The genetic environment of the bla OXA-48 genes was reconstructed by comparing the sequences of the genes surrounding this gene to the NCBI database using the blastX parameter. The complete plasmid sequences of strains P7697, P7699, P7536 and P7538 carrying bla OXA-48 genes were compared with the reference plasmid CP027039.1 using CGViewServer software (Stothard et al., 2017). Variant calling on the snippy tool version 4.6.0 was used to detect single nucleotides variants (SNV), both between bla OXA-48 plasmids and between strains of the same species. Pangenome analysis was performed with Roary (Page et al., 2015) and visualized using Phandango software (Hadfield et al., 2018). The percent similarity of the C. freundii strains and Enterobacter sp. strains was calculated by pairwise comparison of their average nucleotide identity based on Blast (ANIb) and using JSpecies (Richter et al., 2016).
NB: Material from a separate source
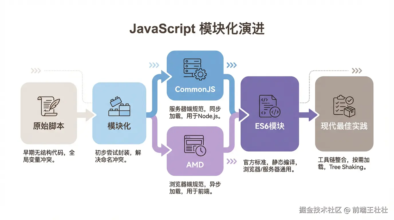 从"茹毛饮血"的 IIFE,到"诸神之战"的 CJS/AMD,再到如今 ESM 的"天下一统"。JavaScript 模块化的演进史,其实就是前端从脚本脚本语言向企业级软件工程迈进的历史。

Genomes of P7535, P7536, P7537, P7538, P7697, P7698, P7699, P7700 and P7702 strains have been submitted to GenBank under accession numbers JAGDEG000000000, CP071788- CP071792, JAGDEH000000000, CP071830-CP071833, CP071834-CP071838, JAGDEI000000000, CP071907-CP071913, JAGDEJ000000000, and JAGDEK000000000, respectively ( Table 2 ).

Table 2.

Genomic analysis of C. freundii and Enterobacter sp. strains.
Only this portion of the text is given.